Chromatius, bishop of Aquileia

Chromatius, a Latin writer and bishop of Aquileia, flourished at the close of the fourth century and the commencement of the fifth. The circumstance of his baptizing Rufinus, about A. D. 370, shews, that he properly belongs to the former. The year and place of his birth are alike unknown. It is supposed, that he was a Roman ; but nothing certain can be ascertained respecting his native place. Though he condemned the writings of Origen, his friendship for Rufinus continued unabated. Rufinus also dedicated to him some of his works, especially his Latin translation of Eusebius's ecclesiastical history. That Jerome had a great esteem for him may be inferred from the fact that he inscribed to him his commentaries on the prophet Habakkuk and some other writings.

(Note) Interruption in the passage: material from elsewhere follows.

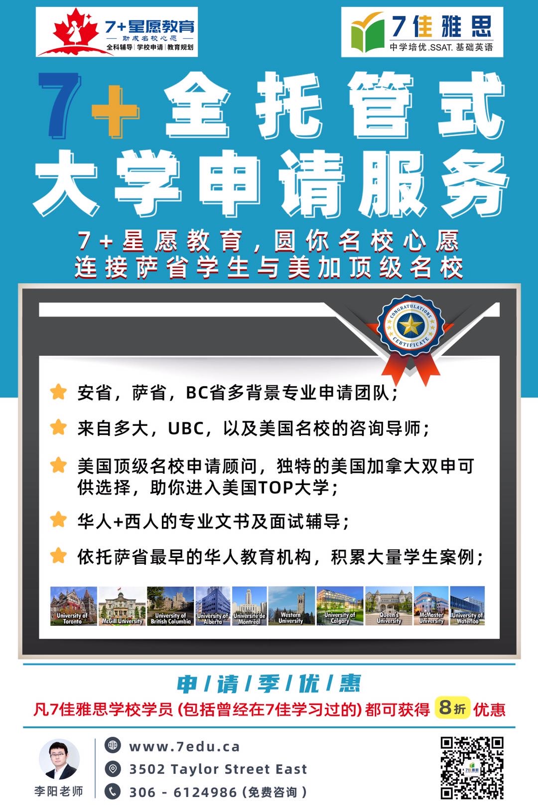【7+星愿教育/ 7佳雅思学校】多伦多大学本科/硕士毕业老师讲多伦多大学 内容简介 1.我该申请哪些专业? 多大王牌专业和学习资源介绍 2.应该申请哪个校区?多大三个校区UTM,UTSC,UTSG全对比 3.多大真的很难毕业吗?真实学习经验分享 4.该不该选择多大?多大的优势及弊端 5.多大毕业生好找工作吗,就业前景如何? 老师介绍:Vera程 -多伦多大学本科双专业荣誉毕业生,多伦多大学教育学研究生 -拥有多年加拿大留学以及指导留学生学业、职业规划经验。 -7+星愿教育大学申请专业咨询老师 时间:本周日9.6日 4—5pm 直播讲座,添加此微信(1871246290)参加

He urged Jerome to translate the Hebrew Scriptures into Latin. Being afterwards displeased with this father, he advised him in a letter to cease attacking Rufinus, and thus to put an end to the quarrel subsisting between those who had formerly been friends. He was a strenuous defender of Chrysostom's cause in the West, for which he received the thanks of the latter. Chromatius is supposed to have died about 410. Jerome styles him, most learned and holy; but he seems to have been a man of judgment and determination rather than of great abilities. When Anastasius, the Roman pontiff, condemned both Origen and Rufinus, and signified his decision to Chromatius, the bishop of Aquileia was so far from coinciding with the pontifical decree, that he received Rufinus into the communion of the church. Of his works there are extant Homilies and some Tracts on the beatitudes, on the remainder of Matthew's Gospel, chap. v., part of chap. vi., and on Matth. iii. 14. A few epistles also remain. The best edition of these pieces is that in the Bibliotheca Patrum, vol. v., Lugd. 1677. They had been previously published at Basel, 1528; at Louvain, 1646; and at Basel, 1551. The epistle to Jerome respecting Rufinus, and one addressed to the emperor Honorius in defence of Chrysostom, have been lost. Among Jerome's works there is an epistle concerning the nativity of the blessed Mary addressed to Jerome under the names of Chromatius and Heliodorus, and another bearing the same names directed to the same father. Both are spurious. Several epistles addressed to Chromatius by Jerome are extant among the voluminous works of the latter.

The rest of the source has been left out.